Foreign Language Teachers in Demand
WHAT'S "smoke and mirrors" in Mandarin, Japanese, Hindi or Indonesian? Too few Australian adults, students or teachers would know. And that is unlikely to change in the foreseeable future, without smarter education policies and better allocation of resources.
According to the Asia Education Foundation, doubling the number of students studying an Asian or other foreign language would cost about $100 million a year. Added to the billions of dollars needed to double the number of Australian universities in the world's top 100, the ambitious goals of the Asian Century white paper begin to look elusive.
Rather than waiting until the federal and state treasuries find the money for the Gonski reforms and the National Disability Insurance Scheme, education authorities could make a start by capitalising on existing resources. As the Productivity Commission's School Workforce report pointed out in June, NSW and Queensland alone have tens of thousands of qualified primary teachers who are unable to find jobs. At the same time, foreign language teachers are in such strong demand that schools struggle to retain them and sometimes have to seek replacements interstate.
Retraining graduates, redirecting applicants to teaching courses in areas of shortage, better targeted HECS incentives and a wider use of scholarships are essential. As parents know, the fall-off in language study among students in years 11 and 12, which sometimes occurs because some students feel unable to compete with classmates from Asian-language-speaking backgrounds, also needs to be addressed. Teacher exchanges with Asian schools, encouraging the immigration of skilled teachers and universities engaging outside instructors to teach Asian languages would also kick-start proficiency.

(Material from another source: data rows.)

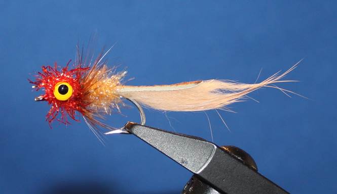 - Gills: Two small bunches of Red EP Fibers tied on either side as gills, remember to make them short and thin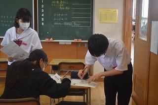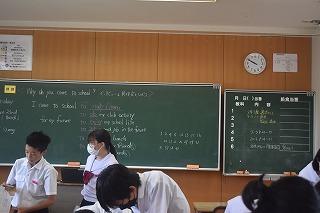 2年生英語科少人数授業。現在、不定詞の用法について学習中。"Why dou you come to school?"と相手に質問し、不定詞を用いて答えるやり取りを通して習熟を図りました。私も1人の生徒さんに"Why dou you come to school?"と質問されたので"I come to school to see student's smile."と答えました。ちょっとかっこよすぎますか?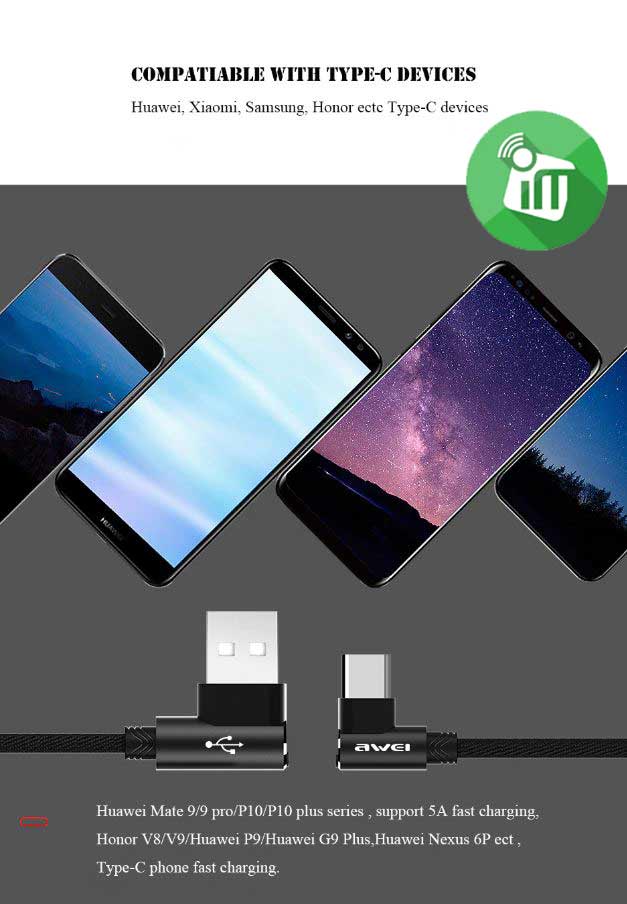 Awei CL-33 Type-C 2.4A Fast Charging Data Cable (1200mm)

University of Technology, Sydney vice-chancellor Ross Milbourne was not exaggerating when he said about $10 billion a year would be needed to bring another five universities into the world top 100 alongside Melbourne, Sydney, Queensland, Western Australia and ANU. Given funding constraints, such a process would require a rationalisation of research funding away from some institutions towards more research-intensive universities. It also would require political courage.
A CREDIBLE white paper needs funds and an action plan.